Using Technology Improvements To Help Differentiate Small Business Credit Cards From Personal Credit Cards
There is one major difference from small business credit cards from the usual personal credit cards that pretty much everybody keeps in their pockets. A personal credit card has a generally low credit limit and a reasonably average interest rate. You will most likely find a credit card that will give you from $1,000 credit to $10,000 credit with an average APR interest between nine percent (9%) to twenty percent (20%). During the credit cycle, any remaining balance that transfers over to the next credit cycle will more or less carry a high interest rate or penalty fee. Small business credits cards, on the other hand, are quite different.
Credit cards for small business purposes are just one example of a business line of credit or business LOC. A line of credit works similarly to a credit card because you get a credit limit that you can draw money out of from time to time but the rates and terms are slightly different from those listed just above. First of all, most line of credit offers do not have a penalty fee or balance interest whenever a balance is carried over to the next credit cycle. They also have a different interest rate that goes from around twenty percent (20%) to twenty five percent (25%). This may seem a bit high for some but then you have to consider how high your credit limit can be. With a business line of credit you could see credit limits stretching to fifty thousand dollars ($50,000) to several hundred thousand dollars.

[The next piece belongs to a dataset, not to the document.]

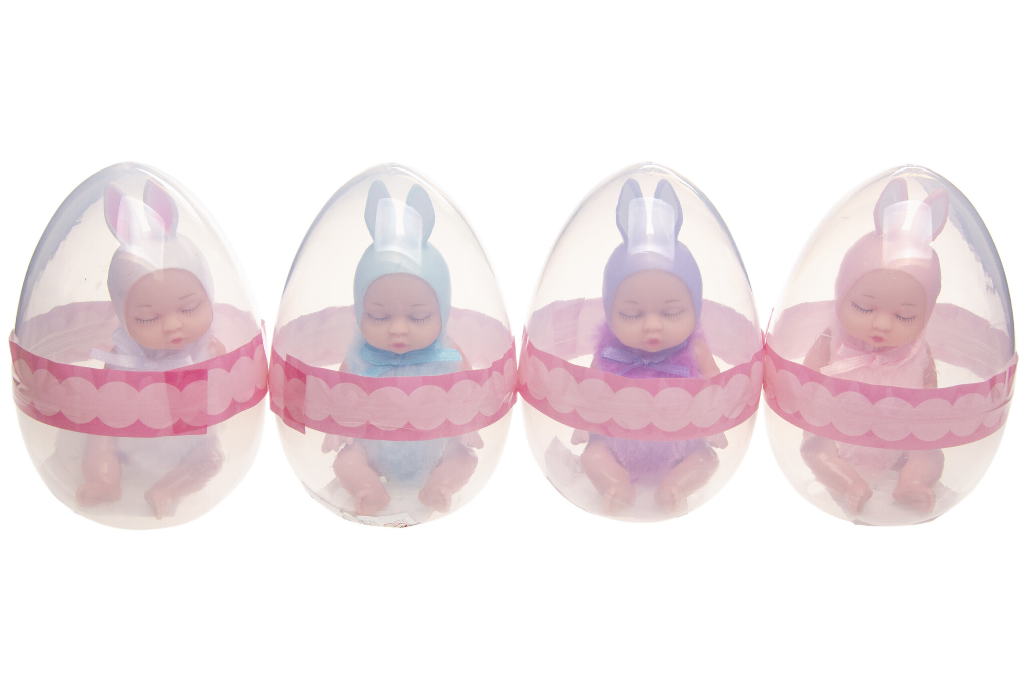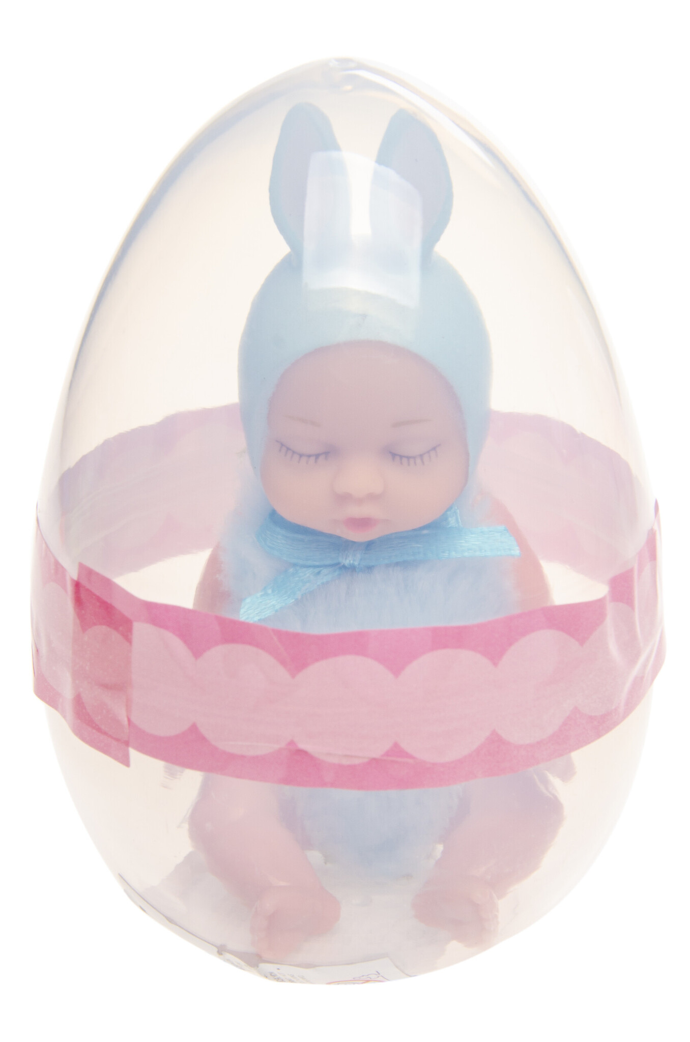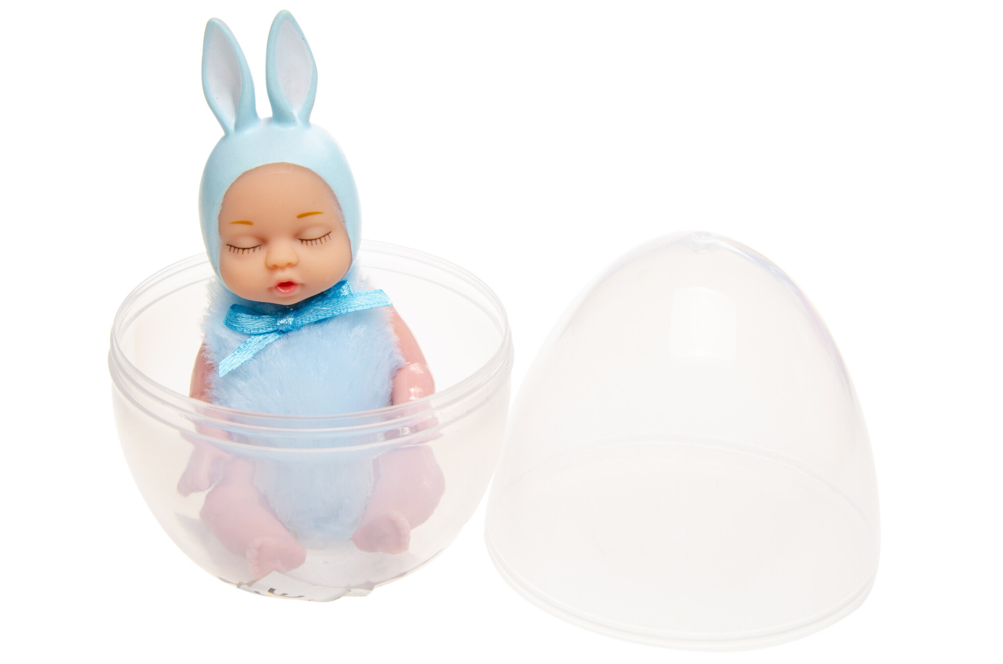 Schattig klein poppetje met dierenmuts in ei, In diverse kleuren worden assorti geleverd.

In this way a business line of credit and small business credit cards are very different from small business loans. When you get a business loan the bank or the creditor will lend you a large sum of money. Once you receive you will have to start paying it back immediately like an installment plan. These loans can have very high interest rates and long payment schedules. A business LOC works pretty much just like any credit card. You draw out the money only when you need it so long as you do not exceed your credit limit and always get to be on a type of watch for the next background check or report alternative.
Benefits of Small Business Credit Cards
So where can you use these types of credit cards? If you take the time to study the limits and payment terms of business cards you will find that they are not ideal for purchases. This is because they are not meant for buying small amount of items or for general shopping. They are meant to serve as a capital resource for your business. Most businesses have a large gap between their investment period and their revenue collection period. In between those periods they have to constantly spend money. That is where these business credit cards come in handy.
Say for example that your business has to spend a few thousand dollars every first day of the month but you only membership profits every quarter of the year. In between those periods you will have to spend to pay for employee salaries, utility bills, maintenance and managing stocks and shares. To pay for all these you will utilize small business credit cards. You have more options when it comes to paying a line of credit and banks are generally more lenient when it comes to how and when you pay. You could opt to pay it like a regular credit card by paying every month but you could choose to pay it bi-monthly or even quarterly. This will give you more breathing room in between your investment and revenue seasons.
Getting a Line of Credit
When you apply for small business credit cards your personal credit score will come into play. They will give a good look at how you as an individual handle credit and how you manage your own personal payments. They will then look into the business and how well it earns its profits to determine the initial credit limit that will be allotted for you. When you do get approved for this kind of credit it will most likely fall as an equity line of credit. This means that if you fail to pay the credit over a period of time the bank will acquire your business assets. They could take anything from the office space you operate in to taking your furniture, computers, and operation tools. This is usually what happens when a business with a high credit fails to pay after several months of profit losses.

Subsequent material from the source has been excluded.